G''Day Pawel,
Pawel Jakub Dawidek wrote:>
> Hi.
>
> I discovered the following deadlock which can occur on adding cache
> device. When we call this command:
>
> # zpool add <pool> cache <disk>
>
> It hangs here:
>
> mutex_enter(&l2arc_dev_mtx)
> l2arc_add_vdev()
> spa_load_l2cache()
> spa_vdev_add()
> zfs_ioc_vdev_add()
> zfsdev_ioctl()
> ioctl()
> syscall()
>
> It cannot acquire the l2arc_dev_mtx mutex, because it is already held by
> the l2arc_feed_thread thread.
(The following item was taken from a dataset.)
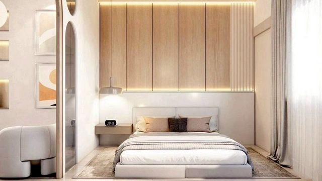 พื้นห้องนอนและห้องนั่งเล่นปูด้วยแผ่น SPC อย่างดี (กันน้ำ ทนทาน)

The l2arc_feed_thread cannot release it
> because it hangs here:
>
> cv_wait(&scl->scl_cv, &scl->scl_lock)
> spa_config_enter()
> zio_create()
> zio_write_phys()
> l2arc_feed_thread()
>
> It will wait here forever, because the previous process hangs, and
> spa_config_exit() is called at the end of spa_vdev_add() (via
> spa_vdev_exit()) and spa_config_exit() calls cv_broadcast() for this
> condvar.
Sorry about this deadlock, and thanks - your analysis is spot on, I''ve
added
it to the bug description:
http://bugs.opensolaris.org/view_bug.do?bug_id=6701480
(it might take a few moments before the new description field appears on
the opensolaris.org website).
I''ve been working on the fix.
cheers,
Brendan
--
Brendan
[CA, USA]